I think I first recognized the power of writing in 3rd grade. My teacher, Mrs. Erickson, assigned a creative writing assignment — a story starter. I don’t remember what I wrote about, but she liked it. And she called me to read my story aloud. Well, back in 3rd grade, that was tough. If you know me today, you wouldn’t believe it, but up through high school I was shy — sometimes even painfully so. My fear of speaking out made reading my piece difficult, but I did it and enjoyed the accolades as my fellow students laughed at my story. After that, I was hooked on writing.
Fast forward to 6th grade. As a pre-teen, I faced the typical girl drama and emotions. I got mad at friends (okay, usually over boys) and didn’t know how to deal with these feelings. I don’t remember the specifics of this particular incident, but I was fighting with my best friend. To be fair, I wasn’t really fighting. I was nursing a wound that I hadn’t shared with her. I was too timid back then to be honest and say, “Hey, you hurt my feelings.” So I wrote her a note. I said everything that was in my heart. I let her have it — said all the silly and irrational and painful things a 6th grader represses. I folded that note (the way we folded notes back in the 80s) and I saved it. Later, I ripped it up. I eventually got over being mad at my friend, but I remembered how cathartic it felt to get out all of my feelings. The process of writing — getting all my feelings out — helped me.
As I grew older, I decided to major in English. I believed what John Keating said in the movie Dead Poet’s Society, “No matter what anybody tells you, words and ideas can change the world.” I still believe this.

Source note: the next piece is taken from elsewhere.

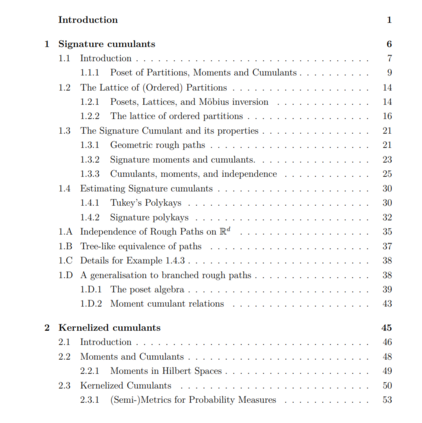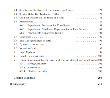 在本论文中,我们考虑了从随机分析和代数到统计和机器学习的工具的应用。其中大多数工具是已知为签名方法的不同形式。在过去的70年里,签名在数学的几个不同领域被发现和重新发现。简而言之,它将一个在向量空间中演变的路径映射到包裹同一空间的一个群体。它对统计如此有用的原因有两个:一是它的不变性集在许多应用中都非常受欢迎;二是其图像群体结构严密,非常适合使用代数工具进行数学研究。这里的主要目标是研究如何使用签名来表示给定路径的统计属性,以及如何将这些属性应用于机器学习。这个目标表现为 - 除其他事项外: • 一种用于签名的新型累积量,具有独特的组合属性,可用于表征路径的独立性, • 在再生核希尔伯特空间上的累积量,与签名累积量有关,尽管没有明确使用签名, • 将签名推广到其他类型的特征映射到非交换代数, • 具有初始拓扑的特征映射,捕捉随机过程滤波的属性, • 以及一系列得分规则与相关的散度、熵和路径的相互信息,这些都尊重它们的群体结构。 这些被划分为单独的、自成体系的章节,可以互相独立阅读。

I remember sitting in my college dorm room, reading the YA novel Running Loose by Chris Crutcher (still one of my all-time favorite books) with tears running down my cheeks. Although I had grown up loving books, this was the first time a book touched me in this way. But I think that the best writing moves you, makes you laugh, makes you think, and inspires. And for me, writing is the way I understand and process the world.
Today, I use writing in many ways. My work requires me to write. I write short social media posts that are meant to be funny. I share anecdotes about my family to not only vent but to also make my friends understand that they are not alone in their family fails and mishaps. I write educational blogs because I’m a teacher and I’m extremely passionate about the importance of education and educators. And I write to work through the deep pain that I’m trudging through every day. (More of this in later posts.) Writing has always been like therapy for me.
I started this blog because I feel myself about to burst. I feel I have words that can no longer just rattle around my head and heart; instead, these words are meant to be shared. I have experienced unique joys and hardships in my life, and I hope that I can reach someone out there if I’m brave enough to share these stories. Thank you for joining me, for checking out Crysta Clear. I hope that my experiences may resonate with you in some small way.